The drawn out arctic blast has the U.S. turning to coal.

As natural gas prices reach a four-year high due to the strain the cold has put on gas pipelines, utilities are shifting to coal to pump out 4.519 million megawatt-hours a day.

Coal’s share of energy production in the U.S. might climb to 40.3 percent from 39 percent last year. And the U.S. is on track for its coldest winter in more than 30 years through January, giving rise to the less expensive energy source.

“The idea of coal disappearing is not an effective climate change policy,” said John Thompson, an analyst at the Boston-based Clean Air Task Force told Bloomberg News. “Coal use is growing.”
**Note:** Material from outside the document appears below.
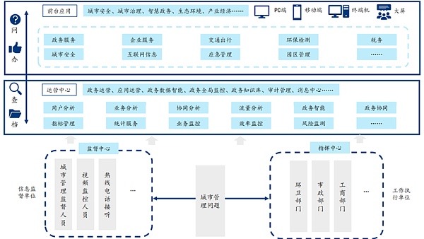 同時在組織設計上,與傳統城市管理模式相比,智能化城市更強調監管分離,將信息收集和監管評價職能剝離開來,設立了專業部門如市政管理委員會、環衛部門、民政部門等,以及行政部門如區政府、街道辦事處、社區委員會等。這種推行主體演變的趨勢更加強調了城市管理參與方的多樣性,也更關注數據在各部門和各參與方之間流動的時效性和保密性。
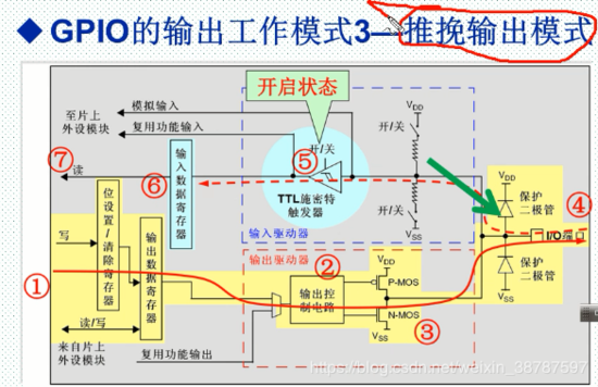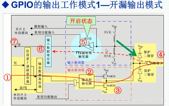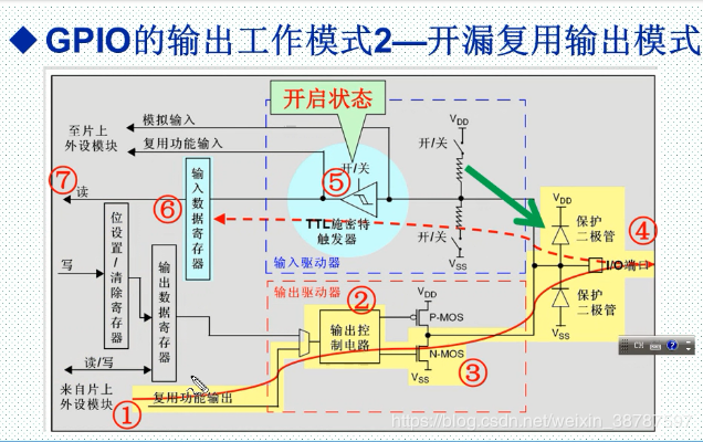 假如通过输出数据寄存器输出一个 1 ,它通过输出控制电路, 那么 N-MOS就会处于关闭状态,那么它的输出电平就不会受

Yes, coal use is growing — much like in Germany, where their determination to speedily stamp out fossil-fuel based energy sources in fact directly resulted in the country burning more coal. Is it me, or is anybody else picking up on a pattern in which governmental attempts at top-down market manipulation often end in either counterproductivity and/or disaster?

Via Politico:

But the coal industry and its supporters in Congress are sounding the alarm. They note that many of the older coal-fired power plants that have helped fill the gap this winter are due to shut down next year because of the Obama administration’s environmental rules.

“What happens … when that capacity is gone?” Sen. Lisa Murkowski (R-Alaska) asked this week at a gathering of utility regulators in Washington. “Maybe we won’t have cold periods like we’re seeing next year [and] we’ll be OK. But what kind of a policy is that? A hope and a prayer?”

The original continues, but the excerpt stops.